Dann los mit der zweiten Partie. Es plätschert so dahin, wir preschen alle vor und landen dann doch in der einen oder anderen Zeile in der Todeszone. Das ist doch doof. Mmh, kann doch nicht sein.


Noch eine Partie und noch eine und noch eine und eine letzte. Wir fangen Feuer, denn CALAVERA kann hintenraus ganz schön gemein und fies werden. Da lohnt es sich, genau hinzuschauen, wer in welcher Farbe in die Miesen kommt, wenn ich nur die richtige Farbe für die Mitspieler übrig lasse. Im Endspiel werden sogar die Totenköpfe richtig interessant. Wenn ich drei habe, nichts eintragen darf, kann es für meine lieben Mitspieler richtig desaströs werden. Schön!

CALAVERA ist nicht nur schnödes Abstreichen auf dem eigenen Block. Das Würfelspiel lässt sich wunderbar interaktiv spielen, denn wenn die Würfel richtig fallen, dann kann jeder schön die anderen ärgern. Auch wenn man dafür ein drittes Mal würfeln und ein höheres Risiko eingehen muss. Sechs Partien sind es heute Abend geworden. Das spricht eindeutig fürs Spiel. Es gibt Höhen und Tiefen, Glück und Frust. Herrlich, wenn Emotionen im Spiel sind. CALAVERA spielt bei den Roll’n’Writes durchaus oben mit. Hätte ich anfangs nicht gedacht.

Als „Absacker“ noch eine Partie SKYJO. Immer gerne. Und zu dritt wagt es Astrid zu Recht, Spalten mit hohen Karten zu sammeln. Zahlt sich aus. Sie gewinnt mit der halben Punktzahl vor dem Zweitplatzierten. Ich bin der Loser.

Das 404. Montagsspielen (16/2019) am 05.08.2019

Calavera: 4 geht gut
Skyjo: 4 geht gut

Dienstag, 20. August 2019

Das 403. Montagsspielen mit Silver & Gold, Texas Showdown, Penny Papers Adventures: Die Totenkopfinsel und noch wieder L.A.M.A.


Ich finde ja mittlerweile diese schwarzen abwischbaren Stifte echt zum Weglaufen. Gut, wenn das Spiel neu ist, dann ist alles o.k.
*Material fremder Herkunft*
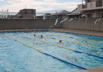 今日はあいにく風があって少し肌寒いようですが、それでも先生の指示を聞いて、元気に泳いでいます。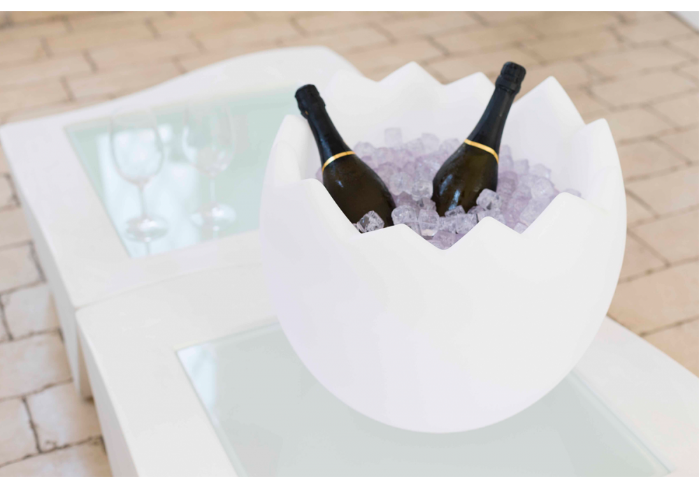 Kalimera, entworfen von Slide Studio für Slide, ist ein Flaschengestell, der an die Schale eines Eies erinnert und ideal ist, um Innen- und Außenbereichen eine informelle Note zu verleihen. Erhältlich in der hellweißen Version oder in verschiedenen Ausführungen

Dann schmiert nichts … noch nicht. Aber wenn man öfter damit spielt, werden die Stifte schon noch schmieren oder austrocknen. SILVER & GOLD hat auch solche Stifte, mit denen wir auf plastifizierten Spielkarten malen bzw. Muster übertragen. Eine Karte vom Stapel gibt vor, welches Muster aus Quadraten wir auf unserer Insel aus lauter Quadraten abtragen dürfen. Und wenn die Insel vollgemustert ist, gibt’s Siegpunkte und eine neue Inselkarte. Weiter geht’s. Karte aufdecken, Muster eintragen. Palmen und Münzen auf unseren Karten sind lukrativer als ansonsten leere Inselfelder, aber die Insel muss immer voll ausgefüllt werden.